§ **Assignment**
With the pictures left out, restate exactly the part below that opens with the line containing "第二季媒體檔案銷毀情形(3)" and closes with the line containing "العاصمة عليها مطلوب".
"""
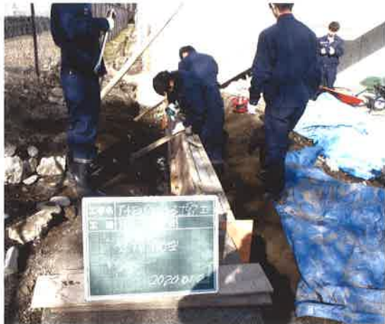
授業風景：3年擁壁作成実習
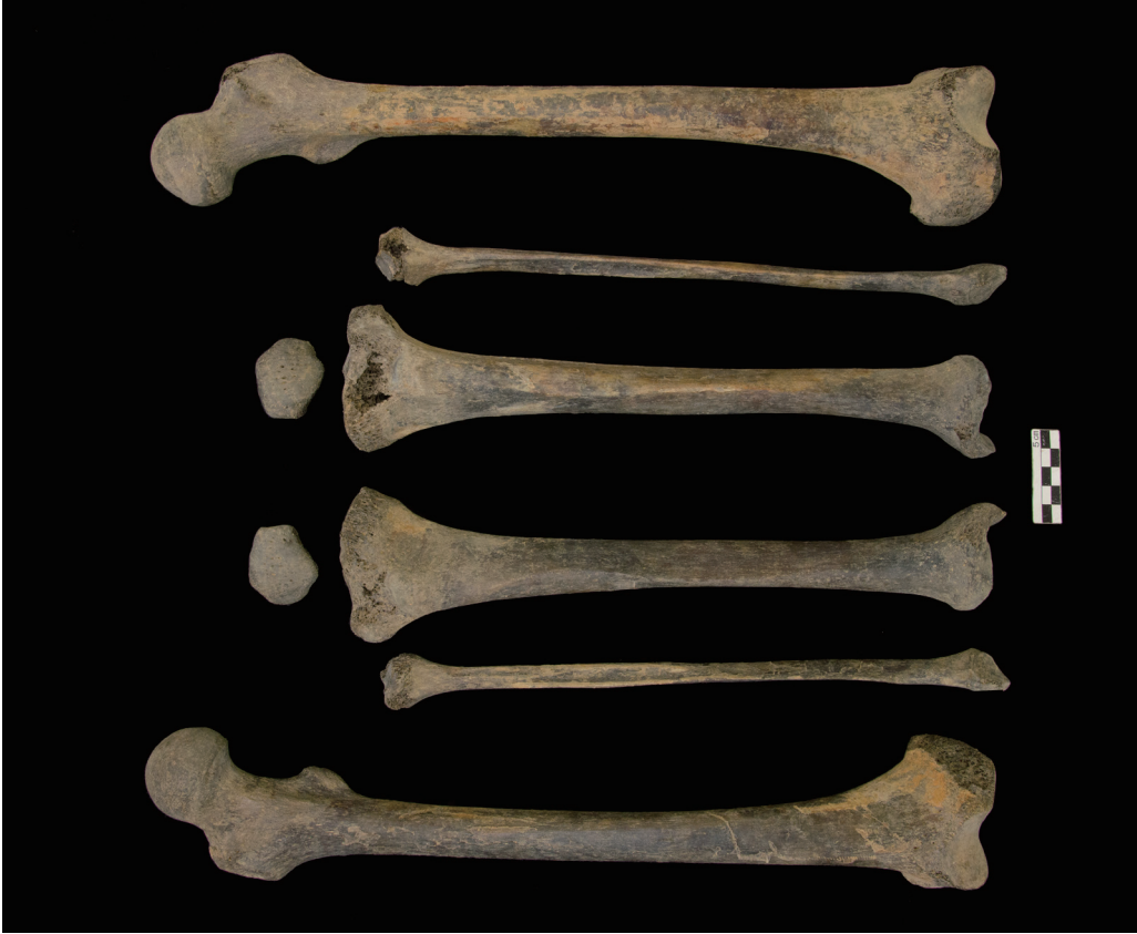
下肢骨 (Bones of the lower limb)
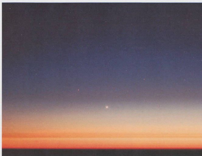
Saturne, Vénus, Mercure, les étoiles Castor et Pollux ainsi que l'amas de Praesepe (en haut à droite) apparaissent dans le crépuscule. Photo prise depuis l'Observatoire de Roque de los Muchachos, île de La Palma, Canaries, le 22 juin 2005 à 23h26m TU. Pose de 10 sec avec 50 mm à f:1.4 diaphragmé à 2.5.
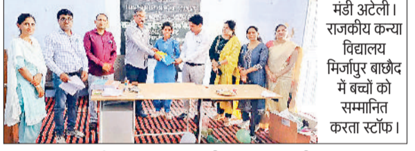
मंडी अटेली। राजकीय कन्या विद्यालय मिर्जापुर बाछौद में बच्चों को सम्मानित करता स्टॉफ।
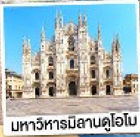
มหาวิหารมิลานดูโอโม
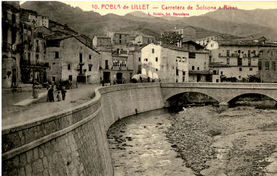
La Pobla de Lillet entre 1920 i 1930.
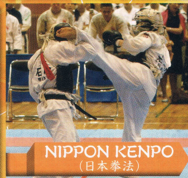
NIPPON KENPO (日本拳法)
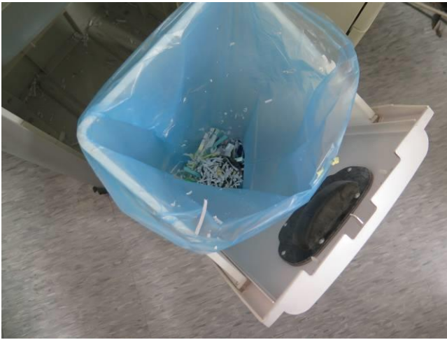
第二季媒體檔案銷毀情形(3)
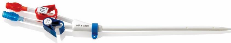
Εικόνα 1 - Καθετήρας Duo-Flow® 400XL® (ευθύγραμμος)
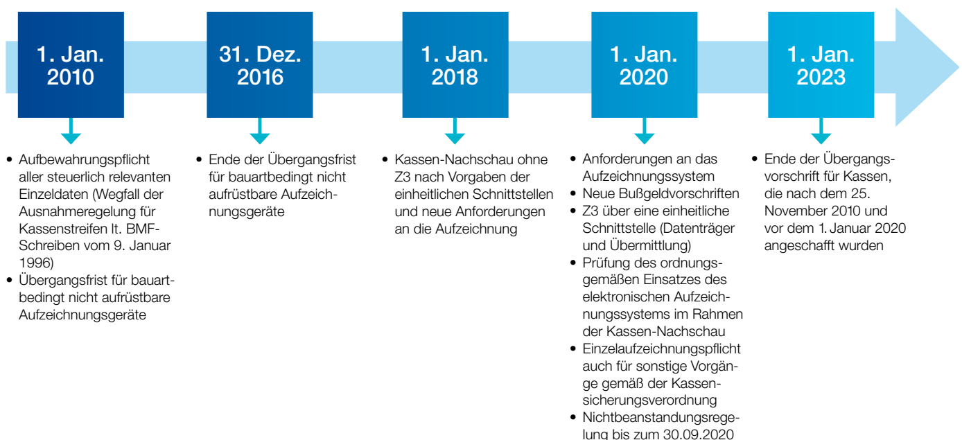
Abb. 4: Zeitliche Abfolge des Inkrafttretens der neuen Vorschriften

PKF Fasselt Schlage stellt Erfahrungen aus kassenbezogenen Projekten und Branchen-/IT-Experten für die rechtssichere integrierte Lösung typischer Fragestellungen im Kassenumfeld sowie für die vollständige Planung und Umsetzung von Kassenprojekten zur Verfügung.
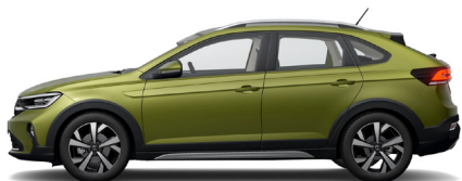
Πράσινο Visual Μεταλλικό
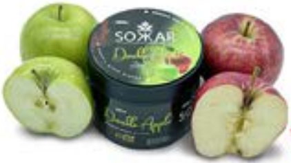
DOUBLE POMME Code 49004 par 1
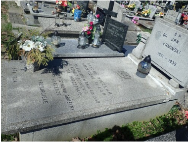
Grób Janka Kamińskiego.

- pisał w powojennych wspomnieniach druh Hieronim Michalski.
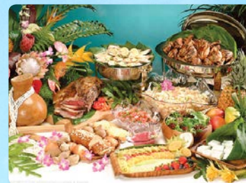
テイストオブハワイビュッフェ その場で切り分けるローストビーフ コナブレンドコーヒーなど盛り沢山
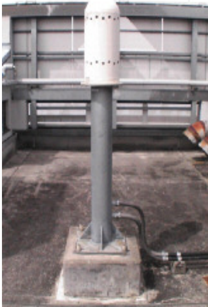
写真 (モニタリングポスト測定部)

放射線量は、当センター屋上に設置されているモニタリングポスト（写真、参照）という機器を使って、毎時間測定しています。モニタリングポストに放射線が当たると、放射線のエネルギーが電気信号に変わり、その電気信号の数を計数することにより測定を行っています。この場合、「シーベルト」や「グレイ」という単位を主に用いて、放射線量を表しています。
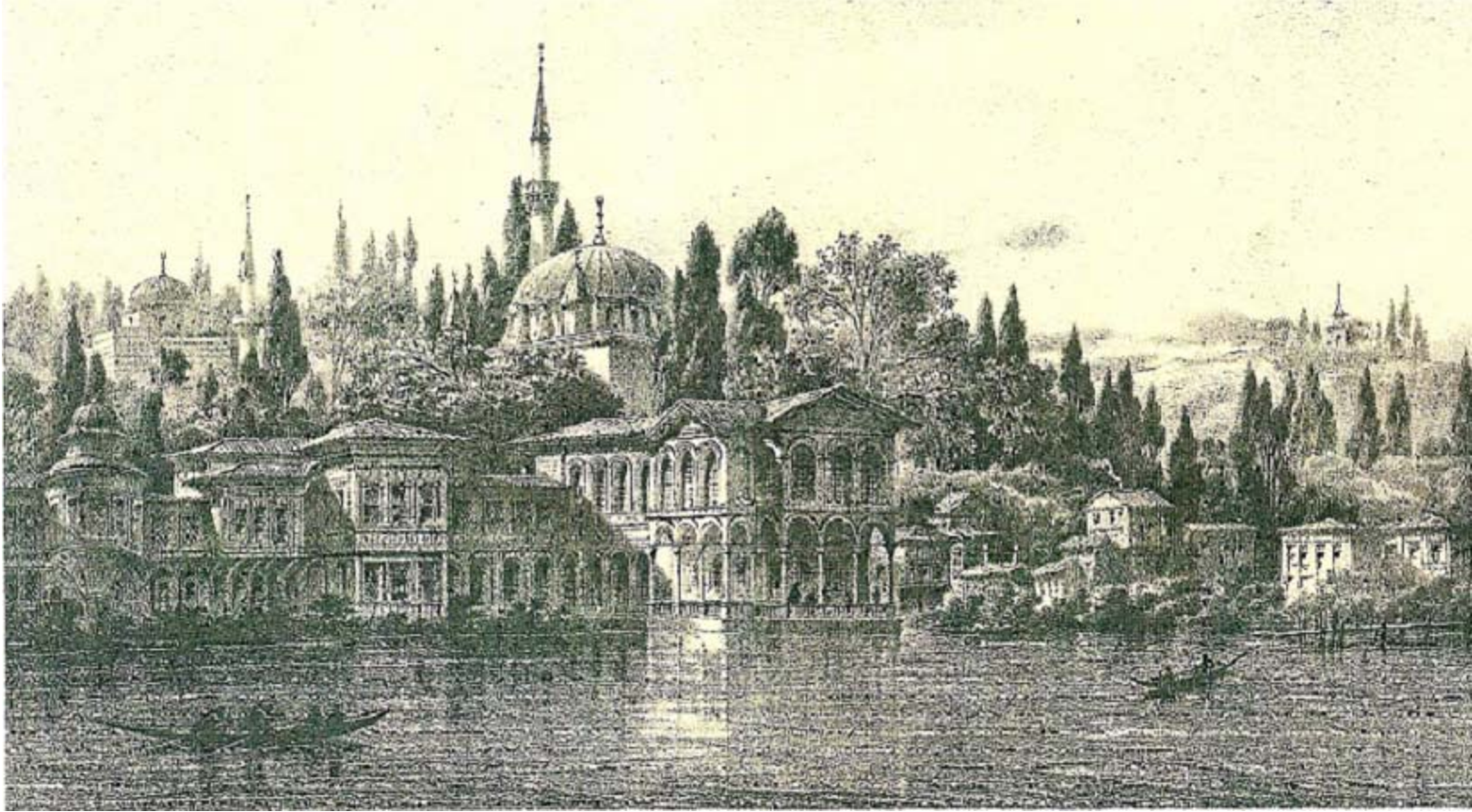
Esmâ Sultan'ın Eyüp Sarayı'nı gösterir Eugene Flandin'in gravürü ( L'Orient , (1852'de Paris'te yayınlanan kitabın tıpkıbasımı) Karakuşak Basın ve Yayın Limited Şirketi, İstanbul, 1984, s.33).
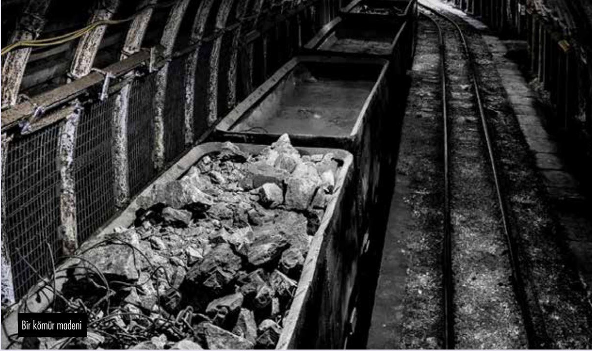
Bir kömür madeni

Dünyadaki kömür üreticisi ülkelere bakıldığında, maden kazaları artık nadiren yaşanan bir duruma döndü. Türkiye’de ise madenler sürekli işçilere mezar oluyor.
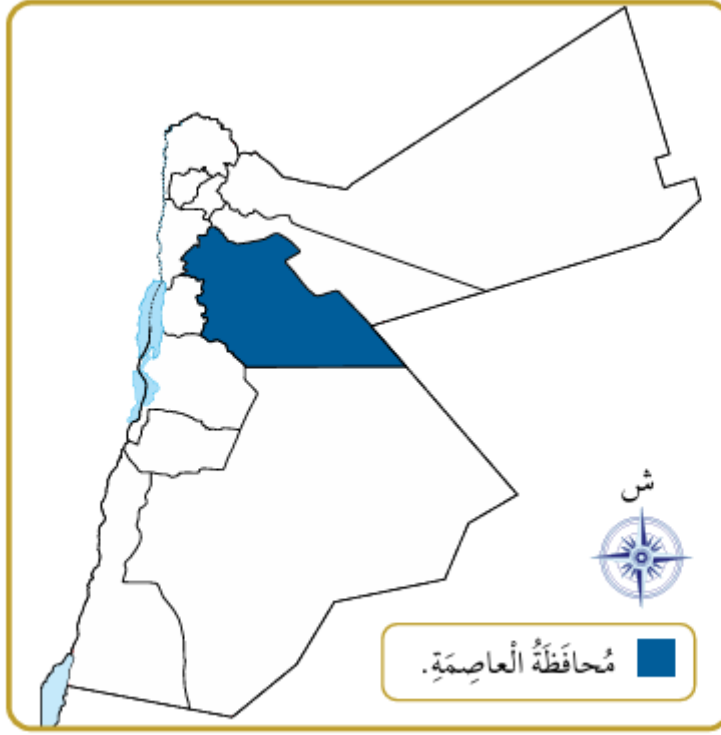
خريطة المملكة الأردنية الهاشمية.

** ملاحظة مهمة: خريطة الاردن ص مطلوبة وتعيين محافظة العاصمة عليها مطلوب
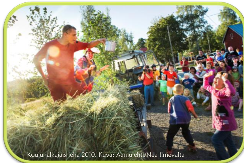
Koulunalkajaisrieha 2010.

Pirkkalasta Lempäälään johtava muinaistie on kulkenut alueen kautta ja tielinja on vielä havaittavissa paikka paikoin. Kiinteä asutus on levinnyt Pirkkankylältä Sikojokea pitkin Sikojärven ympäristöön ja asukkaita on muinaistietä myöten tullut myös idän suunnasta. Alueella on siis poikkeuksellisen pitkä asutushistoria.
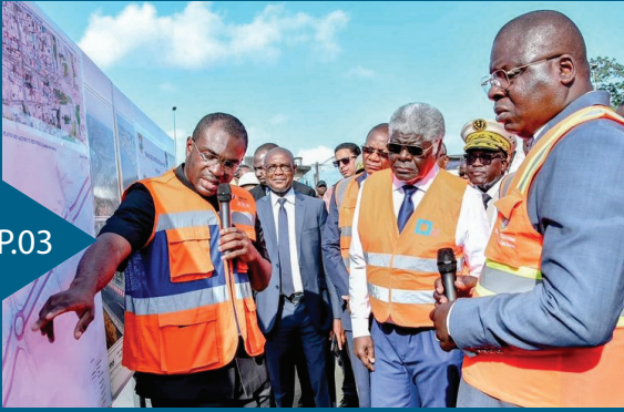
Le Premier Ministre visite le 4e Pont

03 Le Premier Ministre visite la fin des travaux de la phase 1 du 4e Pont d'Abidjan
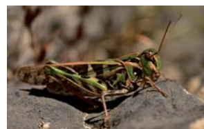
Cedipode soufrée ( Cedipoda decorus )

Pas à pas détaillé de l'itinéraire et plus de randonnées sur : cheminsdesparcs.fr
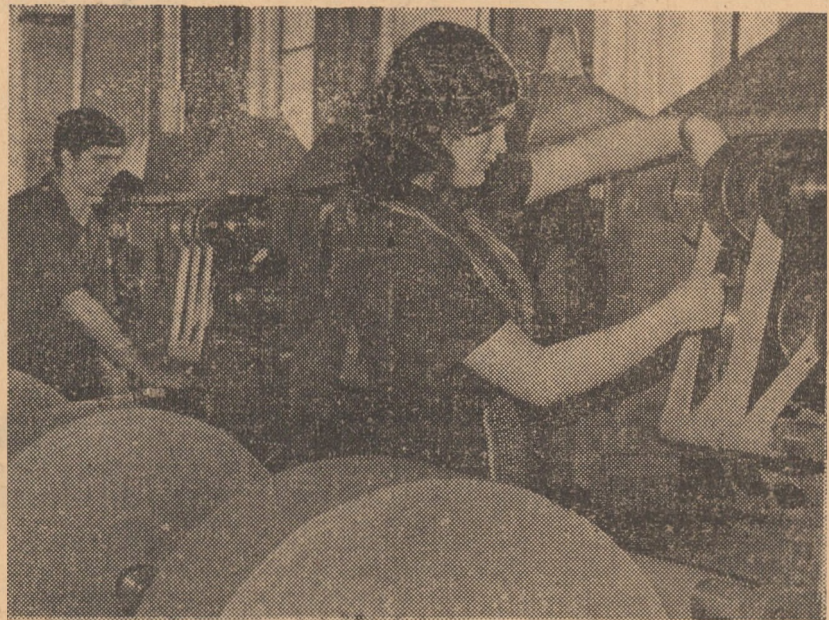
Într-una din secțiile întreprinderii de industrie locală Agnita, se produce hîrtie gumată, folosită în fabricarea mobilei pentru lipirea furnirului

maistrul sculer la uzina „Emailul roșu” Mediaș
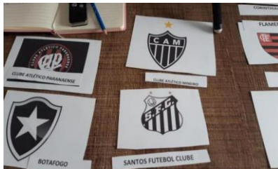
Figura 2: Passo 3 Associação entre o nome e a imagem.
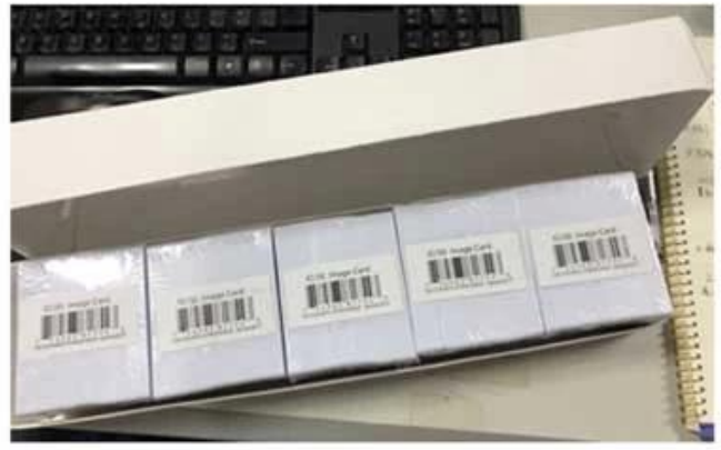
2. White Box
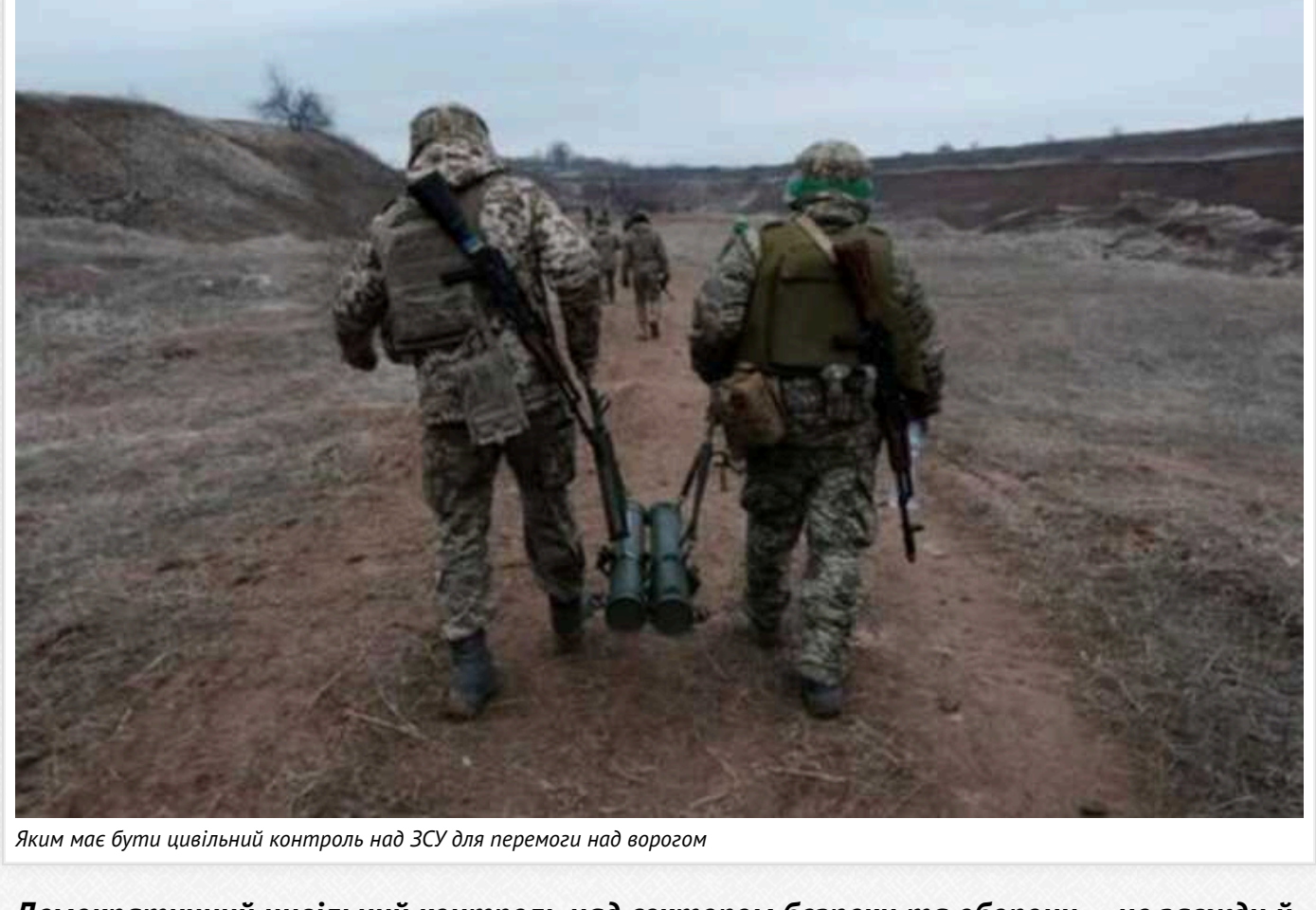
Яким має бути цивільний контроль над ЗСУ для перемоги над ворогом

Демократичний цивільний контроль над сектором безпеки та оборони — не завжди й не для всіх очевидна, проте необхідна річ.
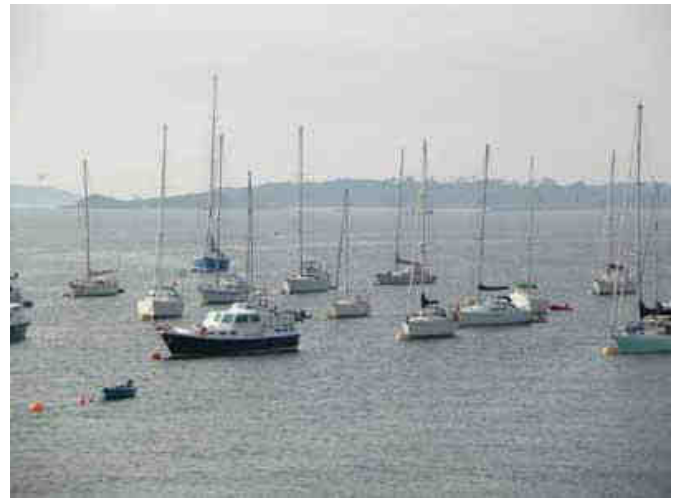
Fleur de sel mouille au milieu des grands... cherchez-le !

Nous partons à la découverte des joyaux de l'île
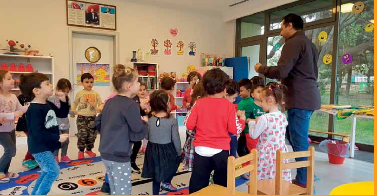
Kindergartenbesuche / Çocuk yuvası ziyareti
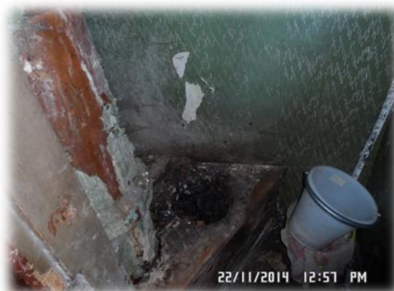
Rīga, Pērnavas iela 37-22 (labierīcības)
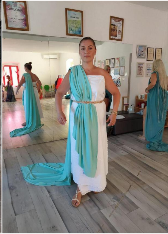
Príprava kostýmov, Jelsa 2024
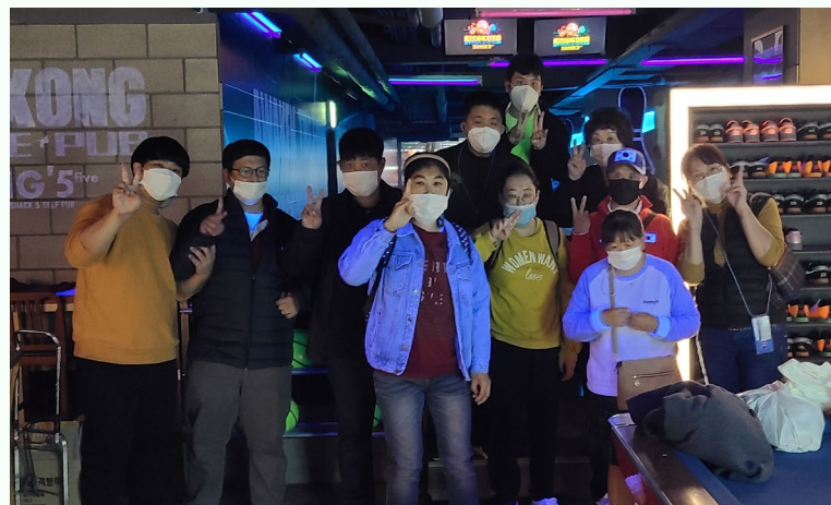
▲ 자조모임 ‘어울림’ 볼링체험 단체사진

10월 28일(수) 발달장애인 자조모임 어울림’ 은 8차 볼링체험을 위해 수유역 2번 출구에서 참여자들과 만나 체온 체크 후 점심식사 장소로 이동하였습니다.
"""
§ **Final answer**
第二季媒體檔案銷毀情形(3)
Εικόνα 1 - Καθετήρας Duo-Flow® 400XL® (ευθύγραμμος)
Abb. 4: Zeitliche Abfolge des Inkrafttretens der neuen Vorschriften

PKF Fasselt Schlage stellt Erfahrungen aus kassenbezogenen Projekten und Branchen-/IT-Experten für die rechtssichere integrierte Lösung typischer Fragestellungen im Kassenumfeld sowie für die vollständige Planung und Umsetzung von Kassenprojekten zur Verfügung.
Πράσινο Visual Μεταλλικό
DOUBLE POMME Code 49004 par 1
Grób Janka Kamińskiego.

- pisał w powojennych wspomnieniach druh Hieronim Michalski.
テイストオブハワイビュッフェ その場で切り分けるローストビーフ コナブレンドコーヒーなど盛り沢山
写真 (モニタリングポスト測定部)

放射線量は、当センター屋上に設置されているモニタリングポスト（写真、参照）という機器を使って、毎時間測定しています。モニタリングポストに放射線が当たると、放射線のエネルギーが電気信号に変わり、その電気信号の数を計数することにより測定を行っています。この場合、「シーベルト」や「グレイ」という単位を主に用いて、放射線量を表しています。
Esmâ Sultan'ın Eyüp Sarayı'nı gösterir Eugene Flandin'in gravürü ( L'Orient , (1852'de Paris'te yayınlanan kitabın tıpkıbasımı) Karakuşak Basın ve Yayın Limited Şirketi, İstanbul, 1984, s.33).
Bir kömür madeni

Dünyadaki kömür üreticisi ülkelere bakıldığında, maden kazaları artık nadiren yaşanan bir duruma döndü. Türkiye’de ise madenler sürekli işçilere mezar oluyor.
خريطة المملكة الأردنية الهاشمية.

** ملاحظة مهمة: خريطة الاردن ص مطلوبة وتعيين محافظة العاصمة عليها مطلوب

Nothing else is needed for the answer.